К счастью, на работе, в школе день начался без сюрпризов. Речь директора перед тортом со свечами. Дежурные поздравления коллег, пожелания счастья, успехов и  удачи в личной жизни. А радость дарят только уроки, дети, что внимательно слушают и хорошо отвечают. Молодцы, порадовали в честь дня рождения.

А после седьмого урока, когда уже надо было освобождать кабинет Елене Александровне и ее шестиклашкам, учившимся во вторую смену, вдруг заявился ко мне неожиданный визитер. Неприятного такого вида мужчина, с залысинами на голове, обвисшими жирными щеками, странным  блеском в глазах, этого впечатления не менял даже дорогой костюм и модный галстук. В руках букетище из роз, мне такого еще никто никогда не дарил.

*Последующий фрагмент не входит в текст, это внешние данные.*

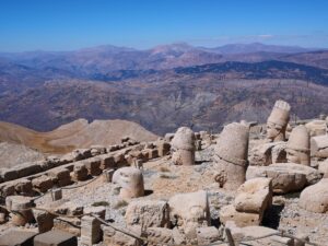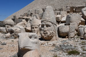 Avant-hier nous avons grimpé à plus de 2000 mètres d’altitude pour aller admirer le site de Nemrut Dagui. La vue de là-haut était magnifique. Très beau ces statues dont les grandes têtes sont posées au sol à présent. Et le tumulus, immense colline de cailloux qui recouvre le tombeau du roi, était très impressionnant.
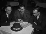 Southwestern Exposition and Fat Stock Show attendees and Abilene delegation members are (left to right) Merle Druver, Abilene Chamber of Commerce manager, Eddie Cockrell, Abilene, Texas and Jack Simmons. All three men are sitting around a table that has a hat sitting in the middle of it labeled Abilene. The men wearing suits are engaging in conversation and looking over a document.

- С днем рождения, Екатерина Николаевна!
Я в это время уже взяла свой черный кожаный учительский портфельчик и собралась уходить. А он важно сел за первую парту, как ученик, и принялся говорить. Начал издалека, так что я не сразу поняла, кто он. Пока говорил за день рождения и о родительской благодарности, гадала, чей он отец. Конечно, не из моего 11 «А», своих родителей знаю прекрасно. Минут через пять до меня дошло. Его чадо – Олег Колесников из 9 «Г». Странно. Что ему от меня надо?

- Ваши уроки Олежек больше других любит. После каждого нам с матерью рассказывает, что им Екатерина Николаевна, вы то есть, говорила, какие примеры, а сколько интересных фактов…

Может ли от человека исходить аромат лести, лжи и притворства одновременно? Может. От этого колесниковского отца точно. Не мог им с женой их «Олежек» ничего такого рассказывать. На всех моих уроках он сидел, уткнувшись носом в парту, что-то рисовал карандашом на ее грубой поверхности. Даже учебника никогда не открывал. У доски ни разу не ответил. Хорошо, хоть не хамил, на мои нравоучения и призывы учиться почти не реагировал. А «неудов» и двоек за четверть избегал только благодаря соседке Свете Семеновой, у которой списывал все контрольные работы по истории. Чего же хочет от меня этот Виктор Сергеевич? Чтоб я его сыну четверки вместо натянутых троек выводила? Пытаюсь объяснить спокойно.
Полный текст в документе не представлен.